Ingredients: 5 tablespoons vegetable oil
1 cup all-purpose flour, for dredging
6 beef short ribs, 4 to 5 inches each (about 5 pounds total)
salt and pepper
1/2 cup beef stock
1 cup tomato sauce
2 large onions, chopped
1 tablespoon minced garlic
1/3 cup dark brown sugar
Instructions: Preheat the oven to 350°F.

Heat 3 tablespoons of the oil in a large, heavy, oven-proof skillet over medium-high heat. Place the flour on a large, shallow bowl or plate. Sprinkle the short ribs all over with salt and pepper. Dredge 3 ribs in the flour, turn to coat, shake off the excess, and place them into the hot oil. Cook until well-browned, about 4 minutes, then turn to brown the other side. Transfer to a large bowl. Heat the remaining oil, and repeat with the remaining 3 ribs. Add these to the bowl and set aside.
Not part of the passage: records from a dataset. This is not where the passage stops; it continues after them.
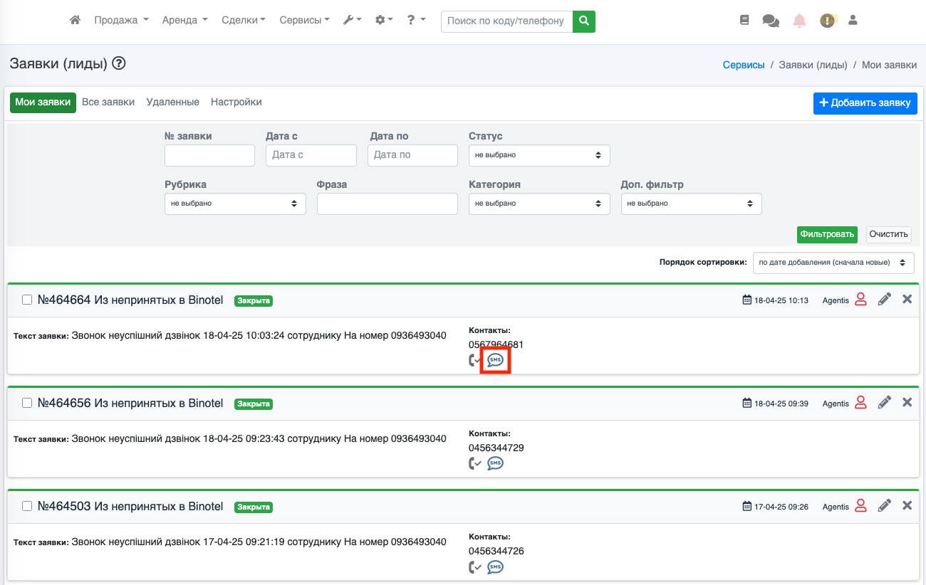 На сторінці, що відкрилася, навпроти кожної заявки буде відображатися кнопку «SMS», натисніть на кнопку відправки смс біля потрібної заявки/ліда (Рис. 1543).
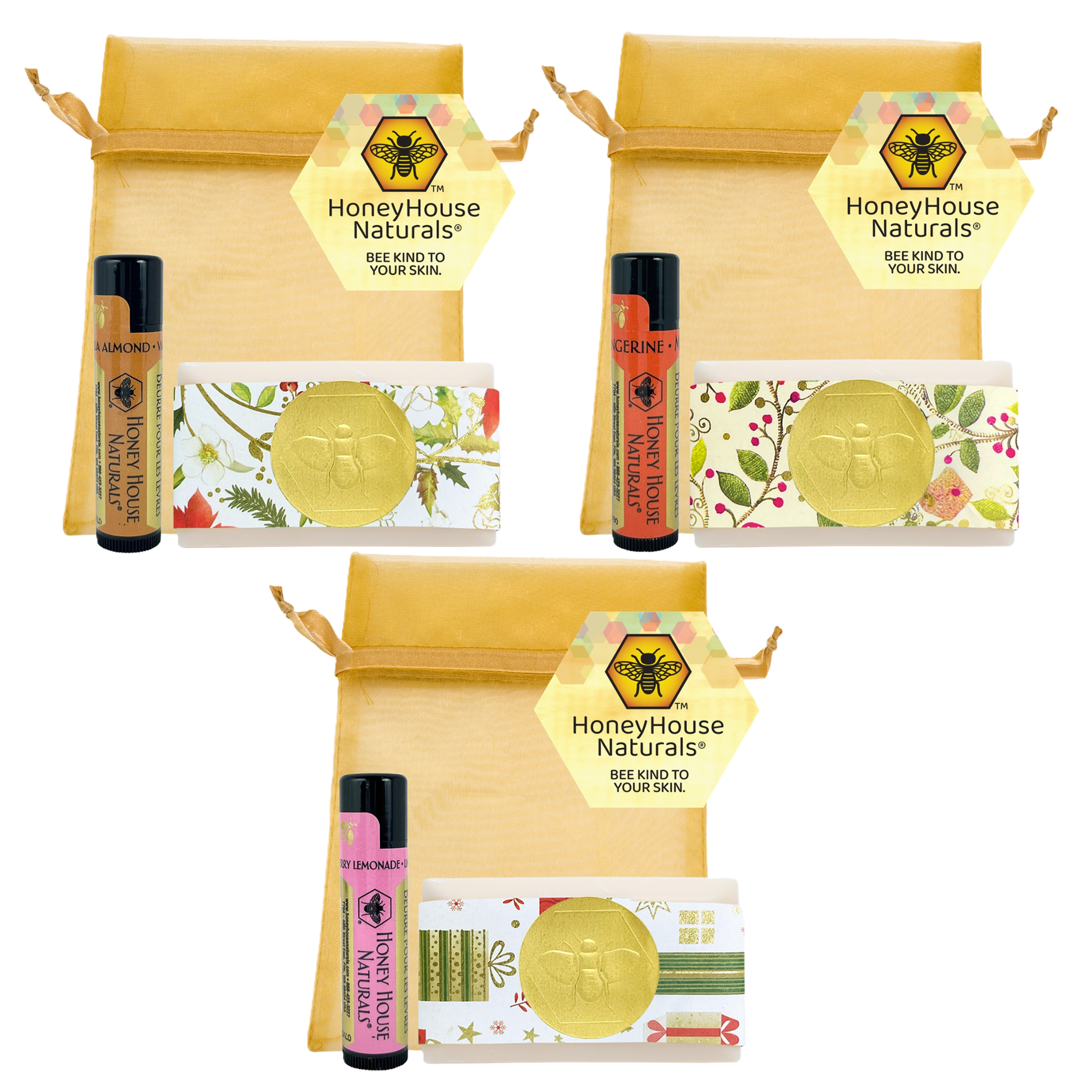 This 2 piece gift set features a gorgeous Florentine wrapped paper wrapped 1oz Honey Blossom soap and a popular Lip Butter Tube. Perfect as a quick pick up Christmas gift, stocking stuffer, teacher gift, or for travel. The soap contains natural ingredients like Shea Butter and Royal Jelly, while the Lip Butter Tube is filled with Beeswax and anti-aging Pomegranate Seed oil. Our customers love our Honey House Naturals products!
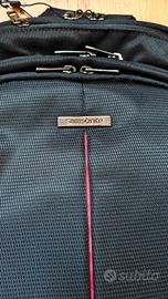 Zaino porta pc con tre comode tasche modello Guardit 2.0 della Samsonite di tessuto colore nero con inserti rossi.
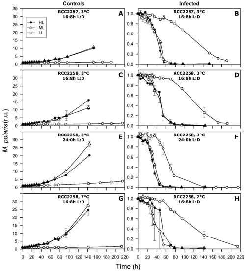 - Demory, D.; Arsenieff, L.; Simon, N.; Six, C.; Rigaut-Jalabert, F.; Marie, D.; Ge, P.; Bigeard, E.; Jacquet, S.; Sciandra, A.; et al. Temperature is a key factor in Micromonas-virus interactions. ISME J. 2017, 11, 601–612. [Google Scholar] [CrossRef] [PubMed]
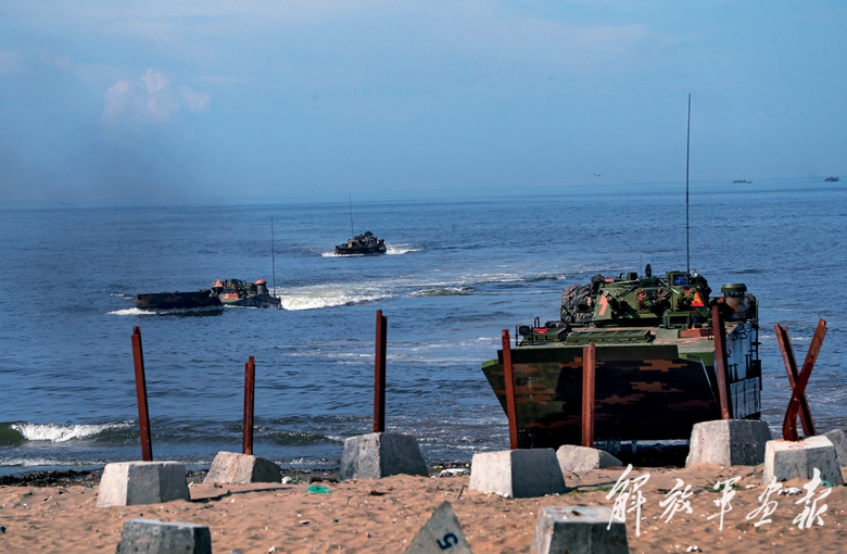 破曉時(shí)分,距離岸灘數(shù)十公里的海域,海軍登陸艦緩緩打開艙門,紅軍整建制完成泛水編波,先遣破障分隊(duì)前出率先抵達(dá)岸灘,對(duì)藍(lán)軍前沿防御工事實(shí)施破障作業(yè)。
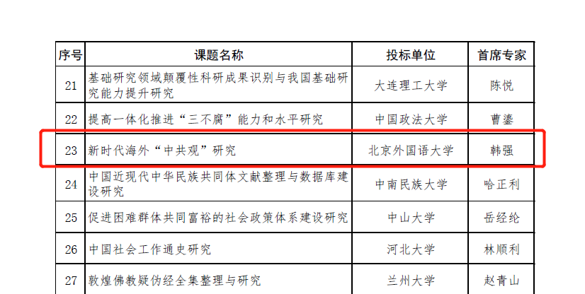 2022年12月29日,教育部办公厅发布《关于2022年度教育部哲学社会科学研究重大课题攻关项目立项的通知》(教社科厅函[2022]50号),根据《通知》,2022年度教育部哲学社会科学研究重大课题攻关项目共有51项批准立项,我院韩强教授作为首席专家领衔申报的《新时代海外“中共观”研究》成功获批立项,项目编号:22JZD023。
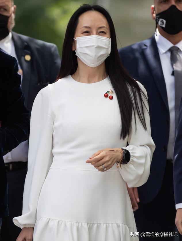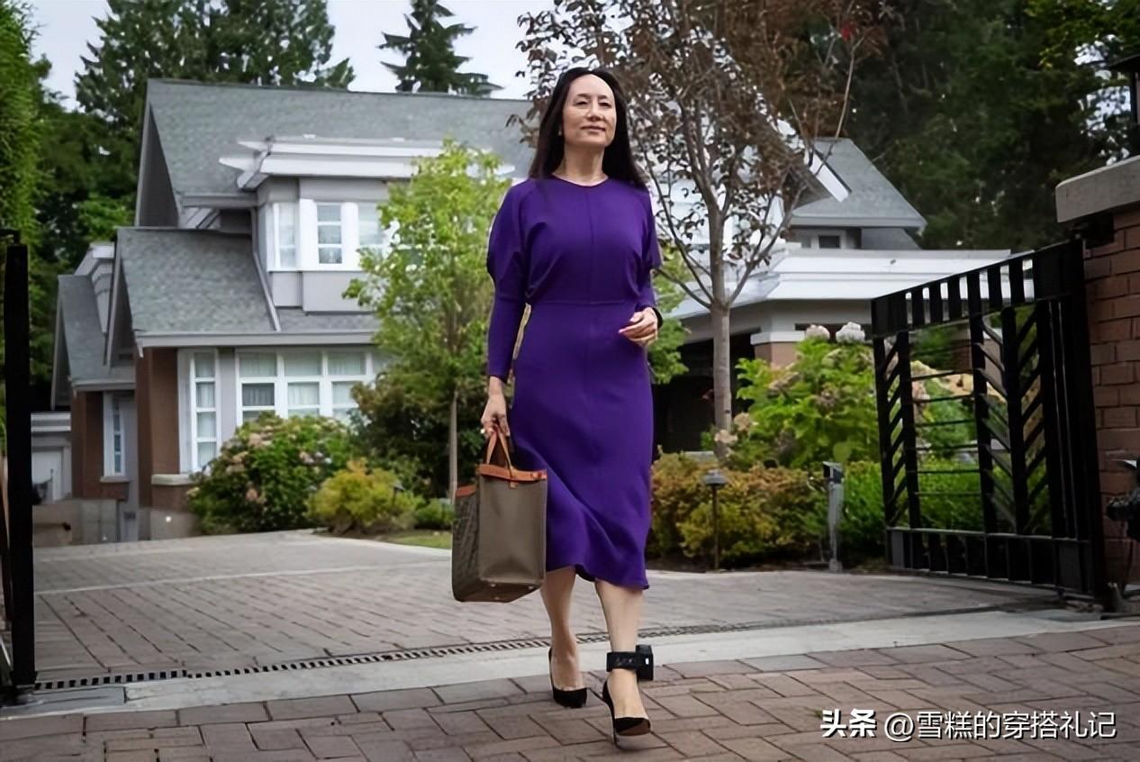 而且孟晚舟是典型的公衆人物,所以她的穿搭從更高層次來說,不僅僅代表着個人形象以及衣品審美,還代表着背後的集團形象,所以在款式的選擇上,也格外關注面料,通過高級感滿滿的面料來增加整體的氣質。比如在出席正式的商務活動時,孟晚舟通常都會選擇挺闊一些的西裝材質或者毛呢材質,更好地體現高級與華麗,而在氛圍感更加輕快一些的場合上,會穿一些帶有彩色調的雪紡連衣裙緞面連衣裙符合整體的輕鬆氛圍。
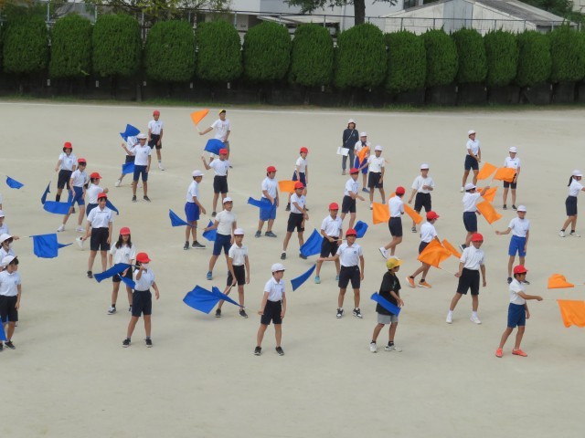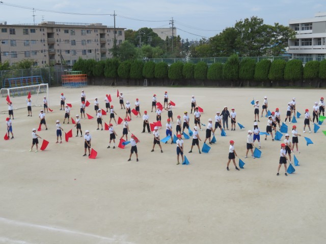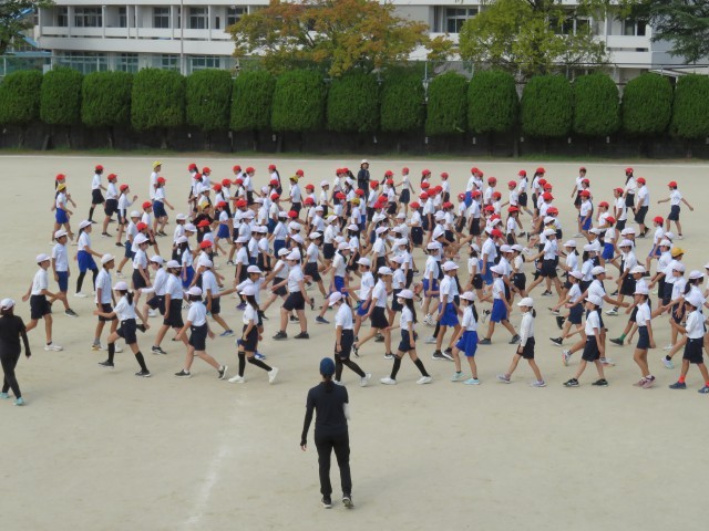 秋晴れの空の下、交差して歩く練習や立ち位置の確認をしていました。

In a sauté or braising pan large enough to hold all the ribs in one layer (at least 12 inches), stir together the beef stock, tomato sauce, onions, garlic, and brown sugar. Place over medium-high heat and bring to a boil. Reduce the heat, and simmer, stirring often, 15 to 20 minutes. Place the browned ribs in the pan in one layer. Cover tightly and bake for 3 hours, until the meat is very tender.